TASK ITEM:
A word-for-word copy of the data is what's wanted; pictures stay out of it.

AVAILABLE RECORDS:

=====

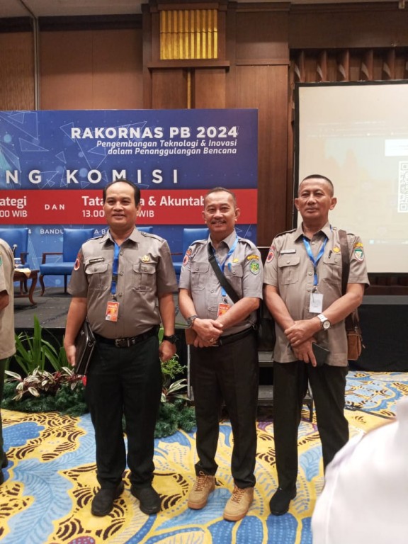 Bandung - Plt. Kepala Pelaksana BPBD Kabupaten Bengkulu Tengah, Gunawan R., S.E., M.M., bersama Pj. Bupati Bengkulu Tengah, Dr. Heriyandi Roni, M.Si., menghadiri Rapat Koordinasi Nasional (Rakornas) Penanggulangan Bencana Badan Nasional Penanggulangan Bencana (BNPB) Tahun 2024 dengan mengusung tema “Pengembangan Teknologi & Inovasi dalam Penanggulangan Bencana” yang berlokasi di Pullman Grand Central Bandung.
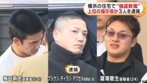 梅田新大容疑者(24)とアルゼンチン国籍のグシケン・ディラン・アクセル容疑者(28)、瀧澤龍生容疑者(24)ら3人は、去年7月、横浜市神奈川区の住宅に侵入し、住人の60代男性に催涙スプレーのようなものを吹きかけるなどしてけがをさせ、現金およそ700万円が入った金庫を奪った疑いが持たれています。
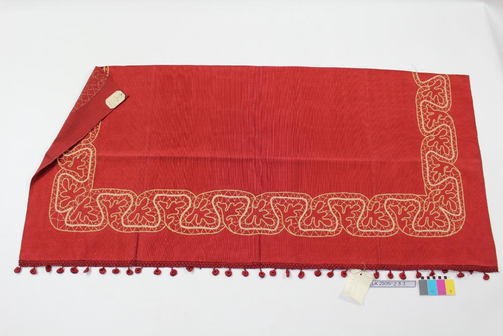 Portiere in rot - Moiré, mit Schnurstickerei mit Klöppelborte in natur, Bommelborte; Portiere; gerippt; bestickt; Bordüre mit Garnquasten; laut Anhänger "Musterschutz Hackl und Söhne"
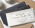• Each voucher card measures 210x99mm, and is printed on heavyweight premium cardstock and finished with real gold foil detailing for a luxurious touch.
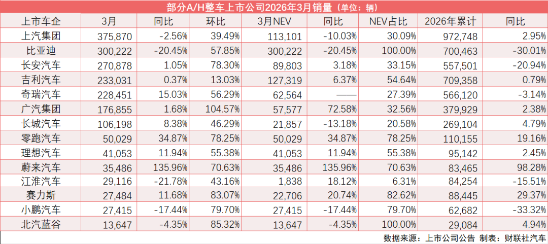 在14家上市车企中,上汽集团继续领跑,3月销量37.6万辆,今年以来实现“月销三连冠”;1-3月累计销量97.3万辆,同比增长2.95%,成为一季度行业内唯一达到百万级销量的车企集团。
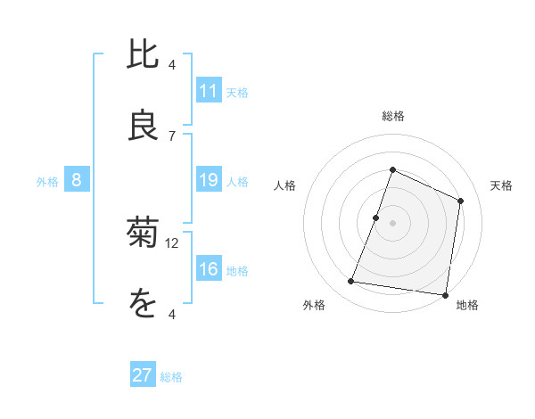 比良 菊をさんの総格は27画の3点!
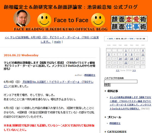 池袋絵意知氏の告発(本人のオフィシャルサイトから)
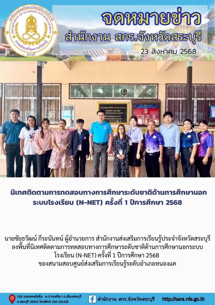 วันที่ 23 สิงหาคม 2568 นายชัยธวัฒน์ กีระนันทน์ ผู้อำนวยการ สำนักงานส่งเสริมการเรียนรู้ประจำจังหวัดสระบุรี ลงพื้นที่นิเทศติดตามการทดสอบทางการศึกษาระดับชาติด้านการศึกษานอกระบบโรงเรียน (N-NET) ครั้งที่ 1 ปีการศึกษา 2568 ของสนามสอบศูนย์ส่งเสริมการเรียนรู้ระดับอำเภอหนองแค
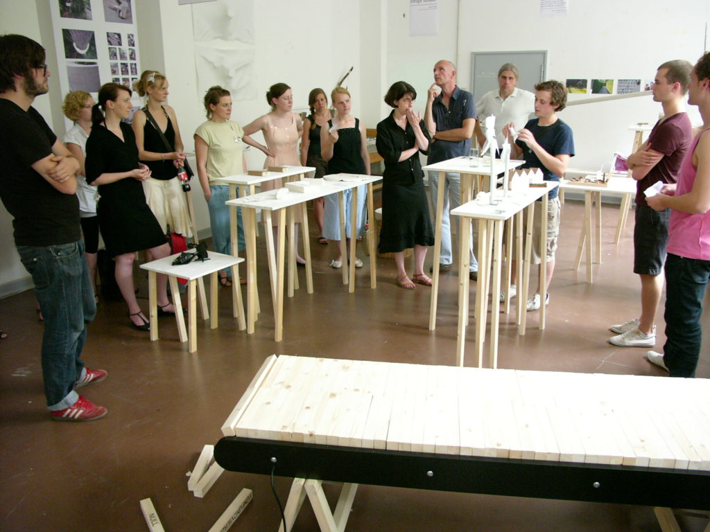 Genau hier erzielten wir unseren größten Lerneffekt. Nach anfänglichen Hemmungen begannen wir, in unterschiedlicher Art und Weise „drauf los“ zu werken. Ob man es „den Kopf ausschalten“ nennt oder Stück für Stück arbeiten, das heißt von einem kleinen Ansatz oder Objekt weiter zu neuen Ideen oder Ausfor- mungen zu gelangen, ist unerheblich. Wichtig war, die Erfahrung, ohne konkretes Ziel und einer intensiven Betreuung und damit verbundenen Leitung durch die einzelnen Entwicklungsphasen zu gehen, sich frei zu machen, auszuprobieren und schlussendlich Ergebnisse zu erzielen.
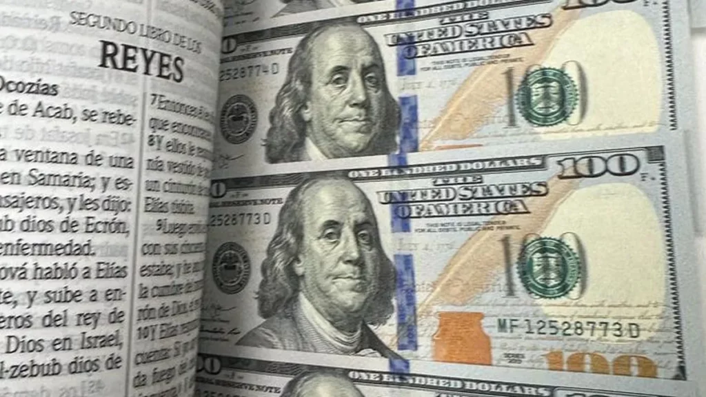 Al romper el sello del envío, las autoridades encontraron tres Biblias de “letra gigante”. Entre las hojas dieron con US$16.800. En una de ellas había US$2.500, US$4.300 en la segunda y una suma de US$10.000 en la tercera, según confirmaron desde la investigación al medio Infobae.
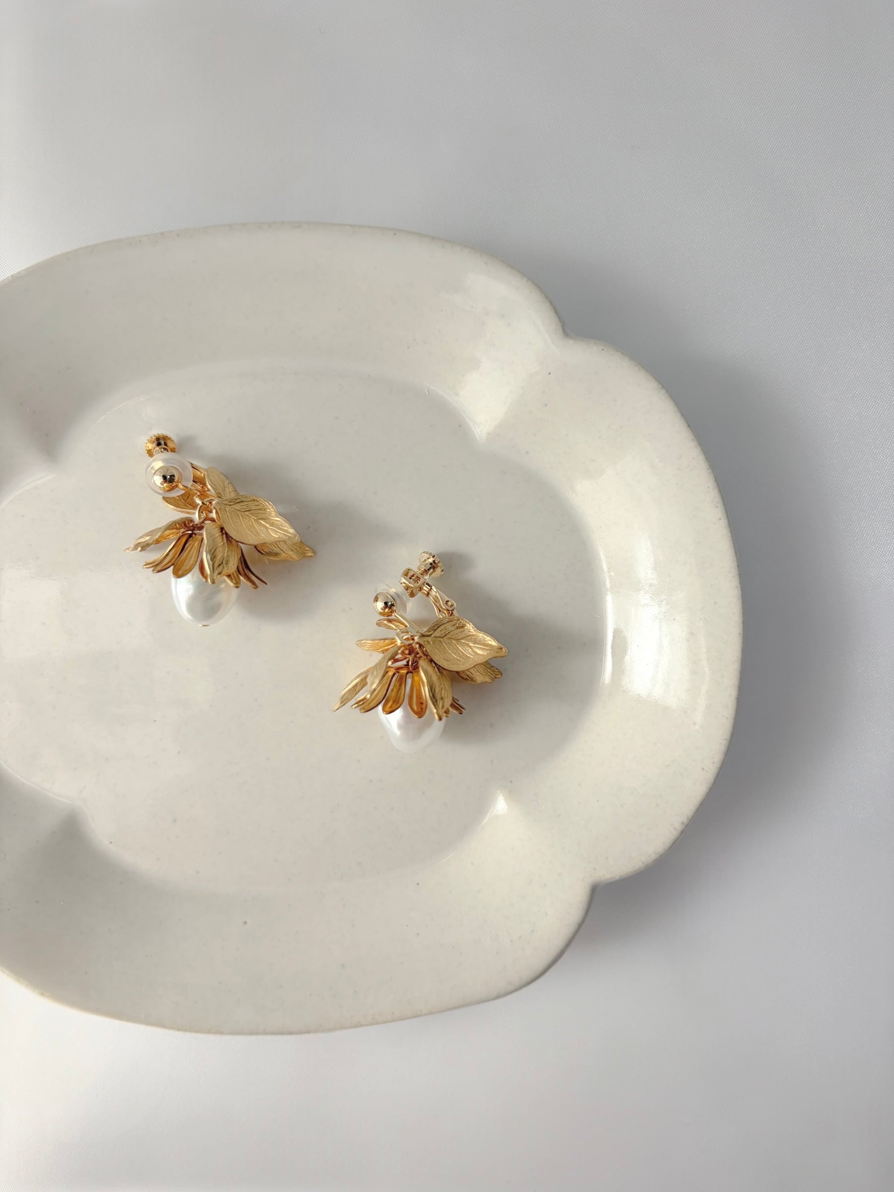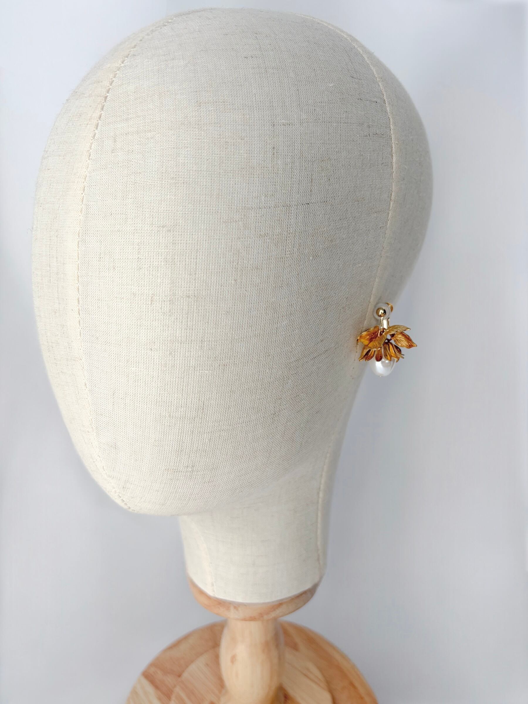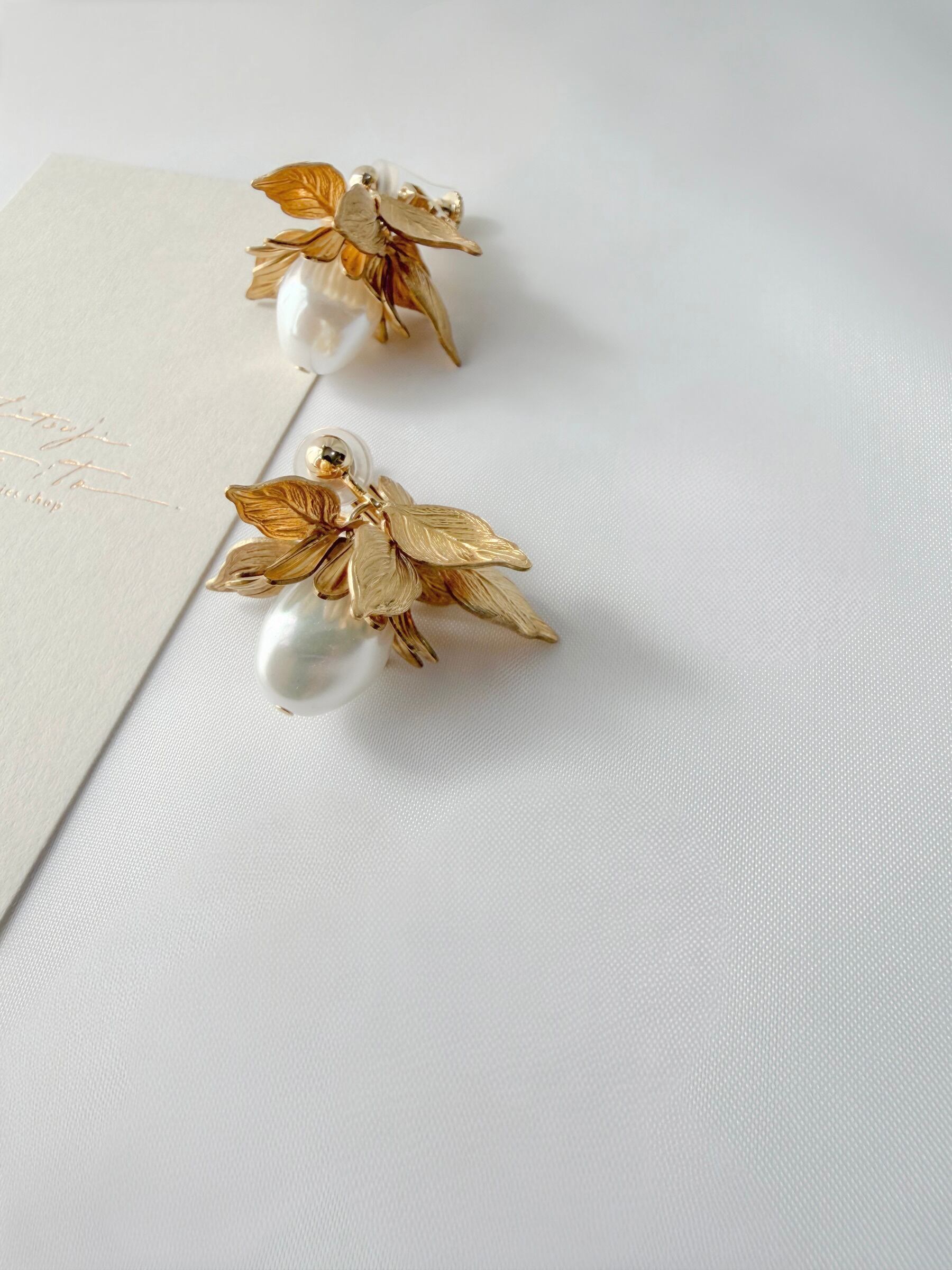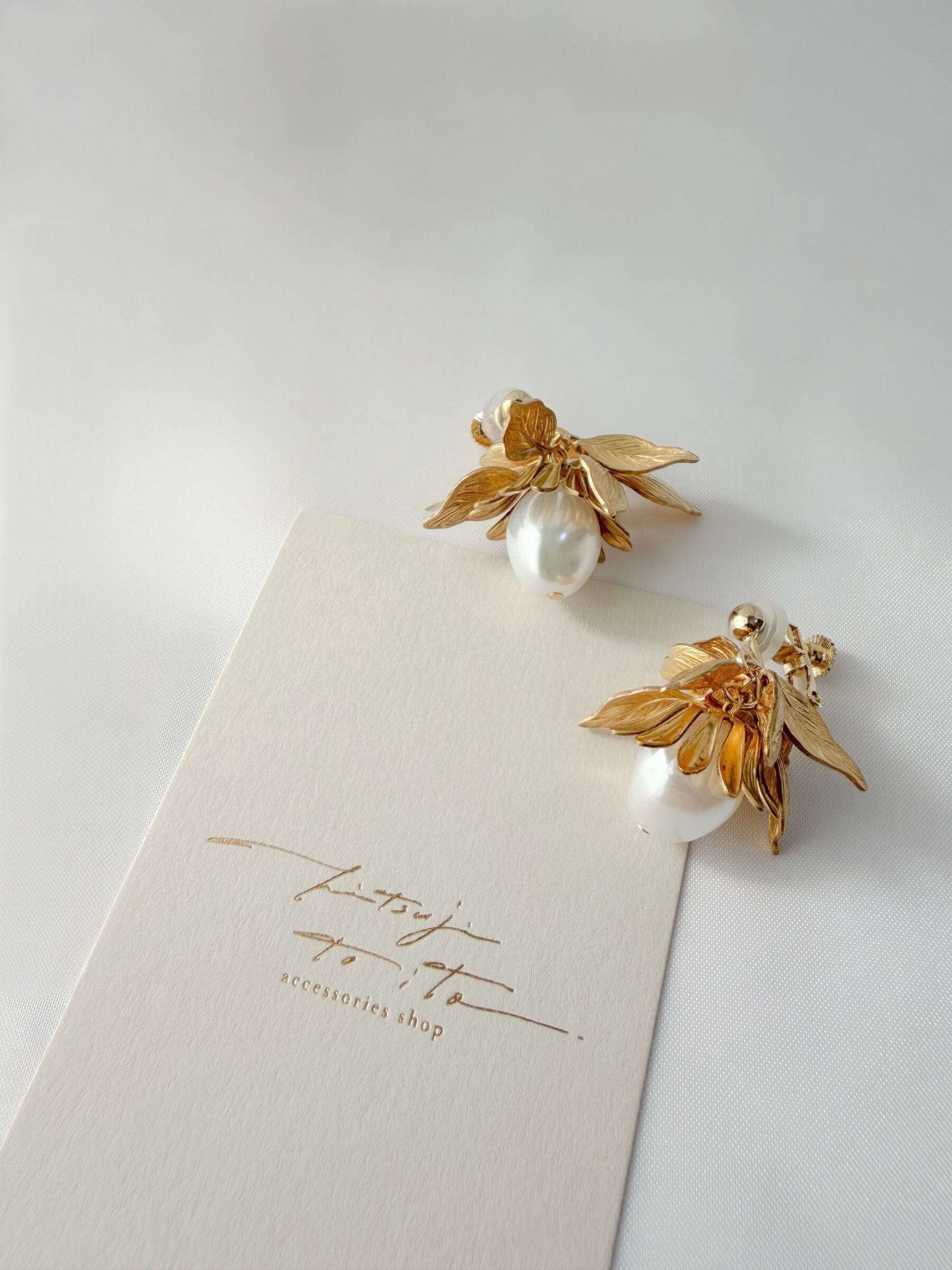 一粒のバロックパールと真鍮リーフをあしらったイヤリング。

=====

SOLUTION:
 Bandung - Plt. Kepala Pelaksana BPBD Kabupaten Bengkulu Tengah, Gunawan R., S.E., M.M., bersama Pj. Bupati Bengkulu Tengah, Dr. Heriyandi Roni, M.Si., menghadiri Rapat Koordinasi Nasional (Rakornas) Penanggulangan Bencana Badan Nasional Penanggulangan Bencana (BNPB) Tahun 2024 dengan mengusung tema “Pengembangan Teknologi & Inovasi dalam Penanggulangan Bencana” yang berlokasi di Pullman Grand Central Bandung.
 梅田新大容疑者(24)とアルゼンチン国籍のグシケン・ディラン・アクセル容疑者(28)、瀧澤龍生容疑者(24)ら3人は、去年7月、横浜市神奈川区の住宅に侵入し、住人の60代男性に催涙スプレーのようなものを吹きかけるなどしてけがをさせ、現金およそ700万円が入った金庫を奪った疑いが持たれています。
 Portiere in rot - Moiré, mit Schnurstickerei mit Klöppelborte in natur, Bommelborte; Portiere; gerippt; bestickt; Bordüre mit Garnquasten; laut Anhänger "Musterschutz Hackl und Söhne"
• Each voucher card measures 210x99mm, and is printed on heavyweight premium cardstock and finished with real gold foil detailing for a luxurious touch.
 在14家上市车企中,上汽集团继续领跑,3月销量37.6万辆,今年以来实现“月销三连冠”;1-3月累计销量97.3万辆,同比增长2.95%,成为一季度行业内唯一达到百万级销量的车企集团。
 比良 菊をさんの総格は27画の3点!
 池袋絵意知氏の告発(本人のオフィシャルサイトから)
 วันที่ 23 สิงหาคม 2568 นายชัยธวัฒน์ กีระนันทน์ ผู้อำนวยการ สำนักงานส่งเสริมการเรียนรู้ประจำจังหวัดสระบุรี ลงพื้นที่นิเทศติดตามการทดสอบทางการศึกษาระดับชาติด้านการศึกษานอกระบบโรงเรียน (N-NET) ครั้งที่ 1 ปีการศึกษา 2568 ของสนามสอบศูนย์ส่งเสริมการเรียนรู้ระดับอำเภอหนองแค
 Genau hier erzielten wir unseren größten Lerneffekt. Nach anfänglichen Hemmungen begannen wir, in unterschiedlicher Art und Weise „drauf los“ zu werken. Ob man es „den Kopf ausschalten“ nennt oder Stück für Stück arbeiten, das heißt von einem kleinen Ansatz oder Objekt weiter zu neuen Ideen oder Ausfor- mungen zu gelangen, ist unerheblich. Wichtig war, die Erfahrung, ohne konkretes Ziel und einer intensiven Betreuung und damit verbundenen Leitung durch die einzelnen Entwicklungsphasen zu gehen, sich frei zu machen, auszuprobieren und schlussendlich Ergebnisse zu erzielen.
 Al romper el sello del envío, las autoridades encontraron tres Biblias de “letra gigante”. Entre las hojas dieron con US$16.800. En una de ellas había US$2.500, US$4.300 en la segunda y una suma de US$10.000 en la tercera, según confirmaron desde la investigación al medio Infobae.
 一粒のバロックパールと真鍮リーフをあしらったイヤリング。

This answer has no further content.